In 2012, a neural network crushed classical algorithms at image recognition - by a 10 percentage-point margin that shocked the entire community. And the whole network was built on three simple ideas: a sliding filter (convolution), picking the max from a window (pooling), and stacking simple patterns into complex ones (hierarchy). The architecture was so simple a student could implement it over a weekend. Today those same three ideas power systems that drive cars, diagnose X-rays, and generate images.

**Self-driving cars (Tesla, Waymo)** - CNNs recognize pedestrians, signs, lane markings, and other vehicles in real time from camera feeds, processing dozens of frames per second
**Medical diagnostics** - CNNs analyze X-rays, MRI, and CT scans at the accuracy level of experienced radiologists, helping detect cancer, pneumonia, and fractures at early stages
**Face recognition (Face ID)** - CNNs extract unique facial features for user authentication, working even with changing lighting, angles, and partial occlusion

Предварительные знания

Optimizers: SGD, Adam, RMSProp

From the Neocognitron to the ImageNet breakthrough

The convolutional idea was born in 1980, when Kunihiko Fukushima built the Neocognitron, a layered network inspired by the visual cortex that learned to recognize shapes regardless of their position. In 1989 Yann LeCun added backpropagation and trained a network to read handwritten digits; by 1998 his LeNet-5 was reading checks and ZIP codes for AT&T, the first CNN to earn its keep in production. CNNs then stayed a niche tool for over a decade until 2012, when Alex Krizhevsky, Ilya Sutskever, and Geoffrey Hinton entered AlexNet in the ImageNet competition. It cut the error rate by roughly ten points over the best classical methods, and computer vision switched to deep learning almost overnight.

The convolution operation

Suppose you're searching for a specific pattern in a large image - say, a horizontal line. Instead of comparing every pixel with every other pixel, you take a small **window (kernel/filter)** of size 3x3 and slide it across the entire image. At each position you multiply the pixel values by the filter weights and sum them up - the result is a single number that shows how much the current region resembles the target pattern.
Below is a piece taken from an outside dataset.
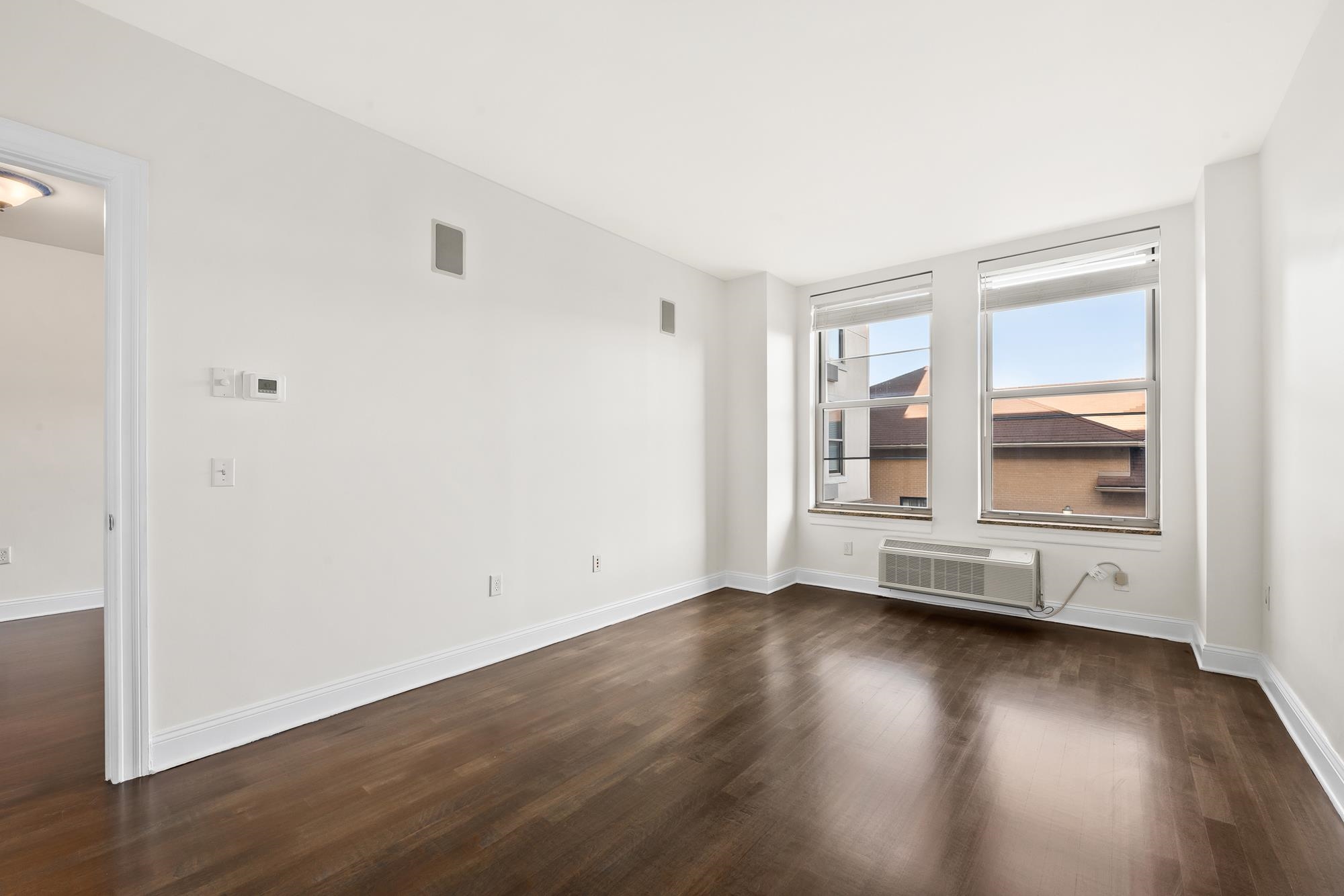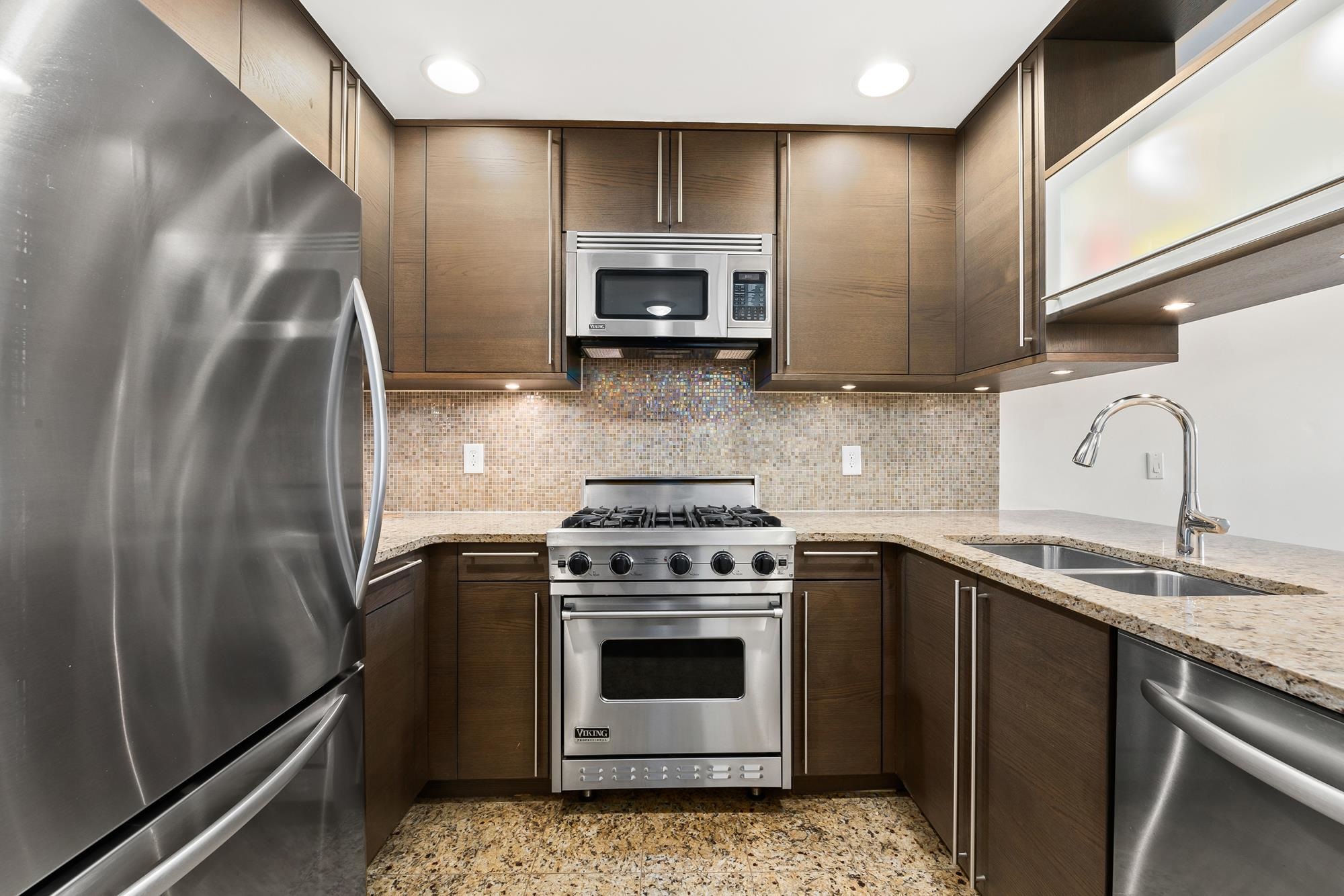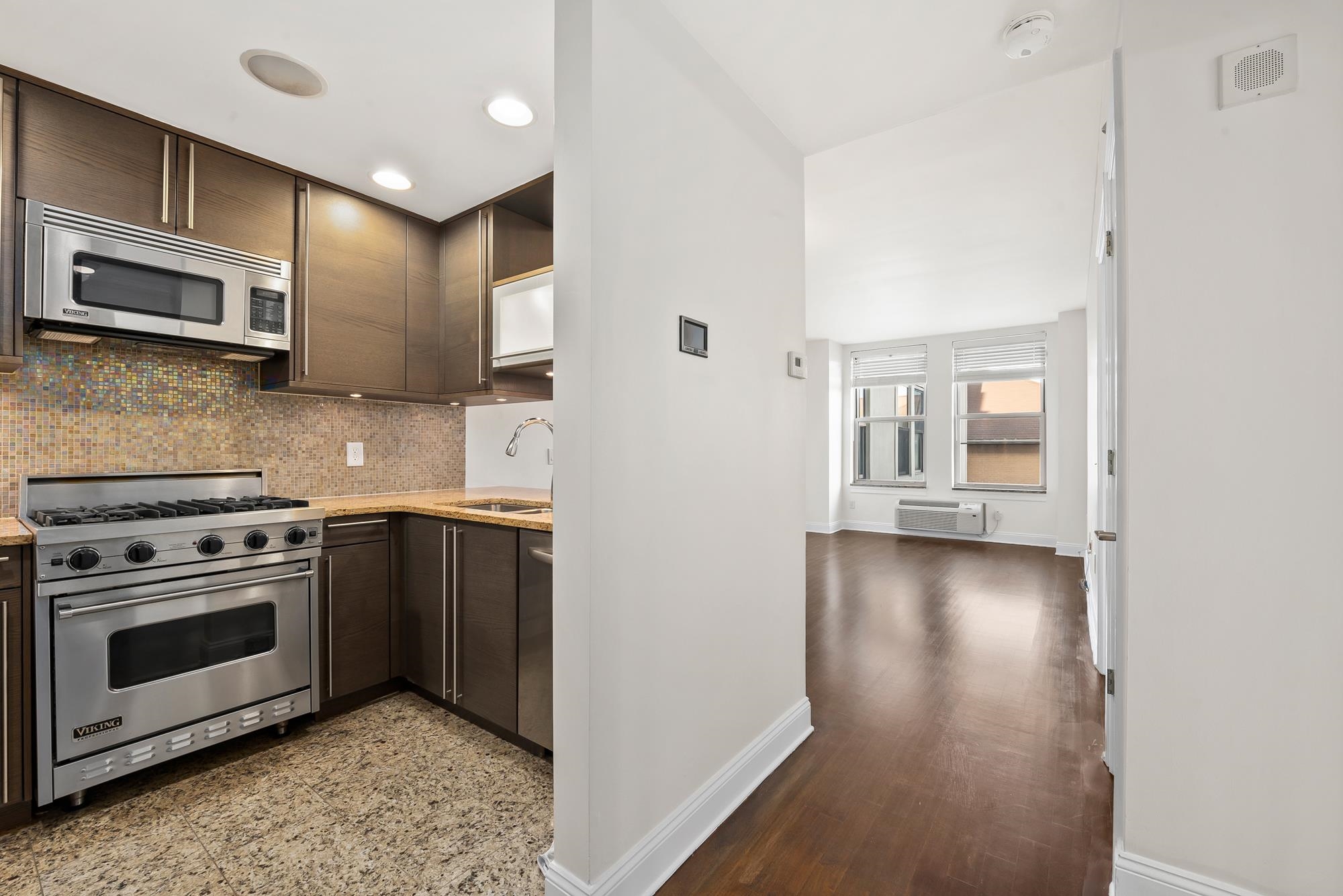 Be part of 10 Regent St community and enjoy the luxury of a full-service, 24-hour doorman building offering an impressive array of amenities. Residents have access to an in-ground pool and grilling area, a fully equipped fitness center with dedicated dance and yoga studios, a game room, and a resident lounge complete with a working fireplace. Upon entering the home, you’re welcomed by a beautifully designed kitchen featuring sleek, modern flat-panel cabinetry with a rich wood finish, full-overlay construction, and contemporary stainless steel hardware. Clean lines and integrated storage create a streamlined aesthetic that pairs seamlessly with granite countertops, a mosaic tile backsplash, and high-end Viking and KitchenAid stainless steel appliances—offering the perfect balance of style and functionality. The breakfast bar opens seamlessly into a naturally sunlit living area, offering a flexible layout that can easily accommodate both a dedicated dining space and a comfortable living room. The spacious bedroom features double closets and comfortably fits a king-size bedroom set with additional room for furnishings. Additional highlights include hardwood flooring throughout, an in-unit washer and dryer, and a surround-sound system pre-wired and ready to enhance your entertaining experience. The Sutton is centrally located in the highly sought-after Van Vorst Park section of Downtown Jersey City, where everyday convenience is truly at your doorstep. The Jersey Avenue Light Rail is directly across the street, providing access to New York City in under 20 minutes. Zeppelin Hall, neighborhood cafés, and dining options are just steps away, and residents can enjoy the regularly hosted farmers market at Van Vorst Park.

This is the **convolution** operation. Each filter learns to recognize one specific pattern: a horizontal line, a vertical edge, a diagonal, or a color gradient.

Why is convolution better than a fully connected layer for images? Three reasons. **Locality:** each neuron looks only at a small area (3x3, 5x5), not the whole image. This makes sense - edges and textures are local patterns. **Parameter sharing:** the same filter is applied across the entire image. If a filter learns to find a vertical line in the top-left corner, it will find it in the bottom-right as well. **Translational invariance:** an object is recognized regardless of where it is in the image.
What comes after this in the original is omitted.